Cléa Daridan: In terms of funding, I do think that there will continue to be a bigger role for philanthropy to channel increased funding towards climate action, that's for sure.

Now, when it comes to Community Jameel, our hope is to impact more lives around the world and to continue to build our community of scientists, of humanitarians, of technologists and creatives, especially in the Global South.

In terms of what I would want to say to other philanthropic organisations, I think I would want to say, we need you. Please, come on board. We need you.

David Miller: That gap seems to be particularly true in the Global South around issues like adaptation, as you were speaking to, and we need other funders to come on board to help communities build their own solutions grounded in their own reality.

Cléa Daridan: Absolutely, and please make sure to involve the municipalities, the scientists, the local academics. They are fantastic, they have incredible knowledge, and we all have so much to learn from them.

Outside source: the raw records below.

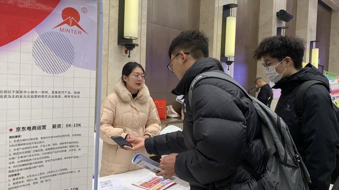 剛從國外碩士畢業回來的甘棠今天跟媽媽一起來招聘會尋找就業機遇。“我是工商管理專業,今年剛畢業,崗位需求是比較看中公司的發展前景和員工的上升空間。外貿方向現在是非常好的就業趨勢,希望找一個工作地點在鄭州的崗位。”已經參加過兩次線下組織的招聘會活動的甘棠直言,線下招聘會的公司崗位信息同步更迅速。“之前查看一家公司崗位,發現線下提供的崗位,還沒有同步到線上。”
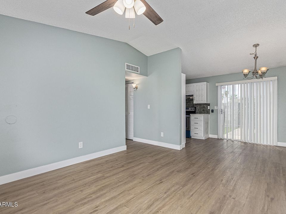 Move-in ready! This charming townhouse features luxury vinyl flooring throughout, a modern kitchen with quartz countertops and a sleek tiled backsplash, plus a refreshed bathroom featuring a tiled shower and matching quartz vanity. The private yard is complete with fluffy green turf and a concrete paver walkway. Situated just minutes from shopping, dining, schools, and major freeways, this property provides easy access to everything the West Valley has to offer.
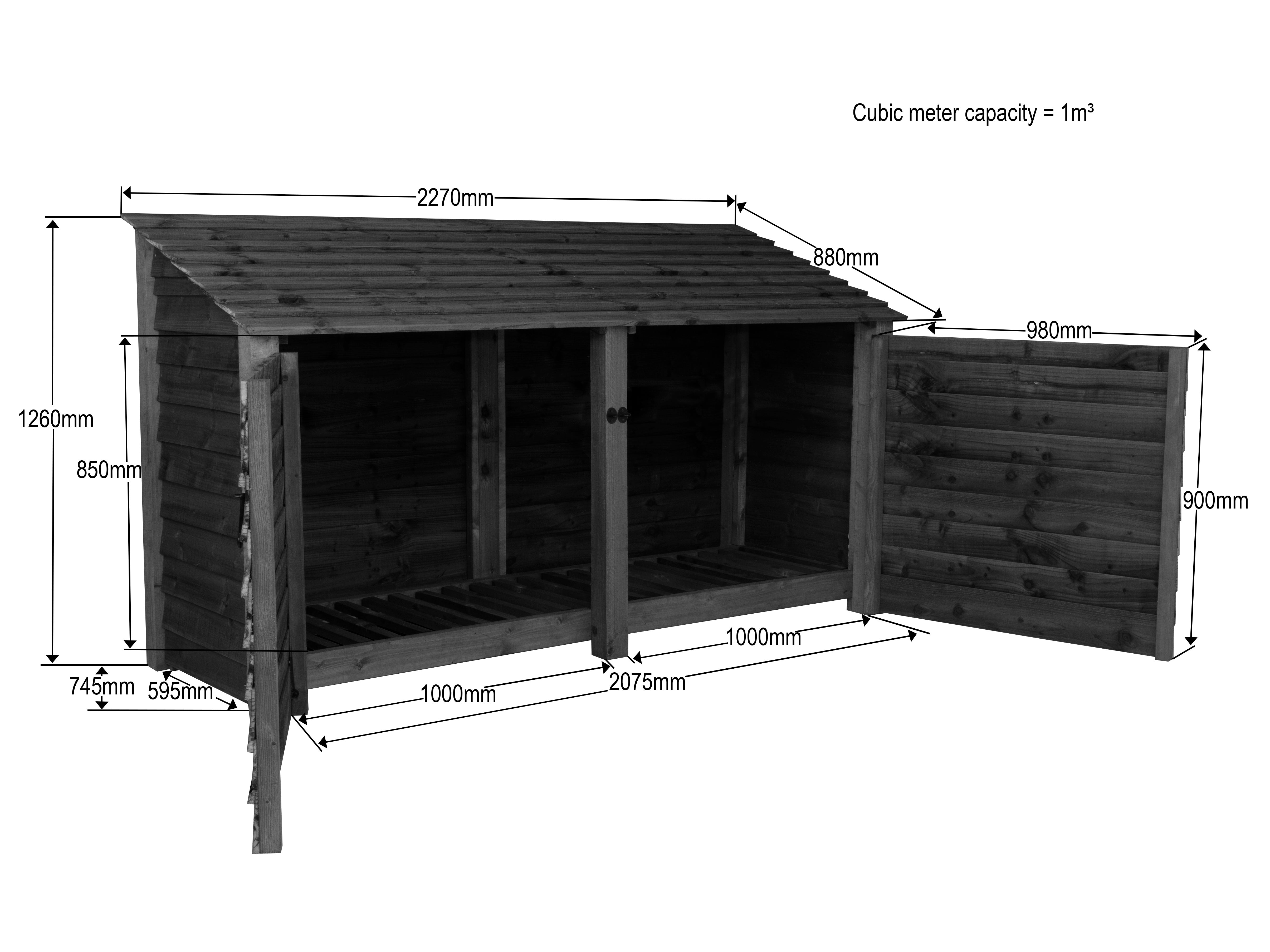 The Double bay Log Store is engineered for optimal firewood storage and seasoning. Constructed from pressure-treated, construction-grade timber, it ensures durability and resistance to decay. The design features slatted sides and a raised base, promoting air circulation to effectively reduce moisture content in logs. A sloped roof facilitates efficient water runoff, safeguarding the wood from precipitation. All provided fixings are corrosion-resistant, enhancing the structure's longevity. This log store offers a practical solution for maintaining a dry and organized firewood supply.
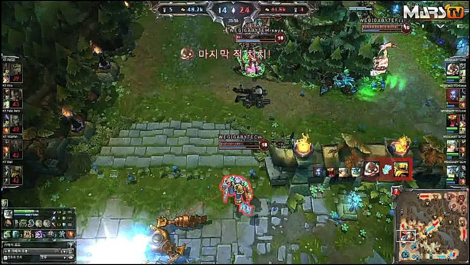 然后等到直播画面变成比赛画面时,WE仅仅领先KT.A不到3k经济,WE中路也被KT.A击破。
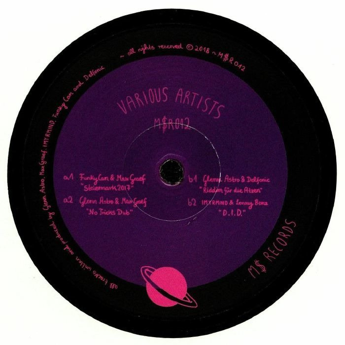 Various power. Funkycan aka Am Kinem teams up with Max Gee for the A1, a technotrack made with a DR-550 and the crumar performer. Up next is a fast dub by Glenn & Max,one for the heads. The B-side starts with Glenn Astro's & Delfonic's Riddim followed by the darker "D.i.D" produced by IMYRMIND and Lonny Benz. Happy 2018.

David Miller: Cléa, thank you very much for being with us today, but more importantly, for Community Jameel's very thoughtful approach to connecting the academic world with the political world and the practical world, in order to produce meaningful outcomes on the ground, particularly in the Global South.

It's a fascinating philanthropy – judging from the evidence, highly effective. So we appreciate you not just being with us, but your everyday ongoing work, which is making such a big difference.

Cléa Daridan: I would also like to thank you, because Community Jameel wouldn't exist if not for the partnerships that we build. So, it's not only about us, it's about the community around us, and C40 is part of this community.

And we now have an incredible team working on the Jameel C40 Urban Planning Climate Labs, which will surely make a difference. So, thank you to everyone involved.